Broad Spectrum Vs. Full Spectrum Vs. Isolate
When learning more about CBD, it seems like there’s always more to learn.
The field isn’t only still emerging—with more scientific studies and new information coming out on CBD all the time—but it’s riddled with confusing terms and similar-sounding scientific words and an alphabet soup’s worth of acronyms.
One of the biggest points of confusion for newcomers to the CBD world is the difference between “full spectrum,” “broad spectrum” and “isolate” products.
The terms may seem to add just one more layer of industry jargon to a jar of CBD oil, but they’re actually pretty easy to understand – and can make a big impact on the type of product that you decide to use.
What’s The Difference?
When it comes to placing CBD – better known as cannabidiol – on the spectrum, it mostly comes down to the way the product it’s being included in is processed by makers.
Aside from discoveries about the role CBD plays in our bodies and brains, there have been a number of advancements in the ability for scientists to isolate and extract certain chemical compounds from within a plant.
For cannabis, these methods have become particularly popular, as CBD is just one of more than 100 cannabinoids found within the plant. And that’s not to mention flavonoids[link] and terpenes – additional compounds found within cannabis-based products.
When putting their products together – for a number of reasons – some companies may not want all of those plant parts involved. So what you end up with is a product that’s somewhere along the spectrum.
Essentially, you can think of the spectrum stipulation as a reference to how many cannabinoids made the final cut – but, specifically, the terms refer to:
The full enchilada.
These are for CBD users who really want it all – every part of the cannabis plant, that is.
Full-spectrum CBD products have not been altered and include every cannabinoid, flavonoid and terpene found in that strain of hemp – including THC, though, in order to be legally sold, the level must be below 0.03%.
Many CBD enthusiasts consider these the superior type of CBD product, as each cannabinoid, flavonoid and terpene is thought to bring unique biological qualities to the table that add up to something called the entourage effect, making the final product greater than the sum of its parts.
Still, there’s rampant debate in the scientific community about the existence of the entourage effect.

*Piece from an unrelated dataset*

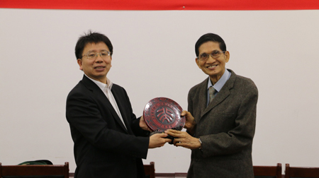 久久小说 基金会副秘书长耿姝女士与久久小说 院系领导也分别致辞,对何先生一行等人的到访表示热烈欢迎,并由衷感谢何先生对久久小说 遗产研究工作的关注和支持。致辞结束后,贺灿飞教授代表久久小说 向何宗机先生赠以久久小说 纪念礼品,阙维民教授向何淑敏女士表达问候并赠送礼物,由其丈夫Professor Apinetr (Pong) Unakul代收。

It officially remains a theory, for now.
And full spectrum products may also not be right for those concerned about consuming THC, no matter at how low a level.
You may get the broad idea of something – without seeing the full picture.
So it goes with CBD products.
In this case, broad spectrum refers to a type of CBD product that contains some—but not all—of the components of the cannabis plant.
This most typically means a product that includes everything but THC, though there are some broad spectrum products that eliminate other types of terpenes, cannabinoids and flavonoids, in order to create a more “custom” mix. It’s best to read the label, if possible, to try to discern what is and is not included in a broad spectrum product.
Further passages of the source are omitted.